Though all the experiences of her life, the conditioning, the reinforcement, the rewards, were a mighty force preventing it, as she approached twenty she began to be aware of an uneasiness long buried within her, and now trying to peck through its shell: a sense of a disconnect between what things claimed to be, and what they really were. Something in the expressions of her parents and their associates often lagged just a fraction of a second in returning from something else to their habitual adoration. What did that mean? What something else? Why had she never studied or been coached on something else’s? And how was it she had never really felt any of the things she was so good at singing the praises of? And what about that glimpse into something hollow in her mother, hollower in her father, hollower still in Pastor Bunche—so fleeting you could persuade yourself you hadn’t seen it, though you had? Knowing something and not saying it. The feeling terrified her because of the suggestion of another person she might have been but didn’t have the courage to try to be.
Only once, briefly, had an impulse surged up within her, thrilling and terrifying, with the question “what do I do now?”—but her refusal to face it killed her Siddhartha moment, the madness of flight from perfect and special to whatever perfect and special weren’t. It was like being at the mouth of some dreadful cave. She had no way to deal with such things! She would not go down there! Positive self-image!
Not long after, she began to feel the pull of the approach of her twenty-first birthday.
She knew something special was planned—beyond special—she had sensed it in a thousand ways—an excited anticipation which in a lifetime of sensations she had never felt before. Curiosity wins the day.
As always, paparazzi and starstruck lookers-on lined the streets as her mother took her out to be fitted with the gown she would wear to the whispered-about Big Event. When the woman in the small shop, closed to other clientele, brought it out, Zurra gave herself over to the dopamine hit at the sight of the stunning garment. She slipped it on, cut exactly for her shape, and shimmering with a quality that could only be described as celestial, and she knew she had no way to be anything else.

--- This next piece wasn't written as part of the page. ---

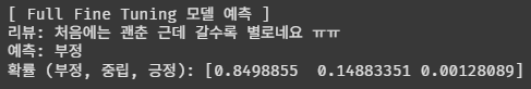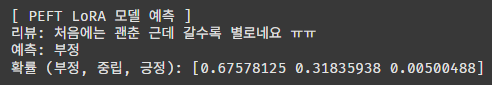 print(f"확률 (부정, 중립, 긍정): {lora_probs}")
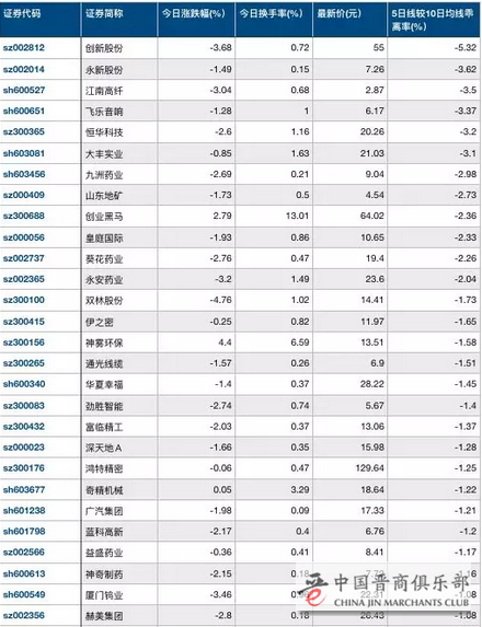 今日盘中有209只A股短期均线出现“死叉”,5日线主动下穿10日线,短线走势或不乐观。其中创新股份、永新股份、江南高纤等个股的5日均线较10日均线距离最大,分别达-5.32%、-3.62%、-3.5%。

“You look beautiful,” said her mother. “Perfect.”
* * *
A week later, a restless throng buzzing like a hive outside the temple and a formal retinue lining the long hallway within, Zurra moved like a vision, in but not of, their midst, toward the double doors, fully absorbed in the anticipation of what awaited her beyond.
As the doors opened and with a nod from her father she stepped into the room, she had no way to interpret the looks on the faces of the people standing there, nor to understand the elegant robe of Pastor Bunche, standing behind a table covered with a white linen ceremonial cloth.
And, above all, she had no way to interpret the strangeness in his unsmiling eyes as he spread his arms and said, “Behold the perfect one, who atones for the sins of all.”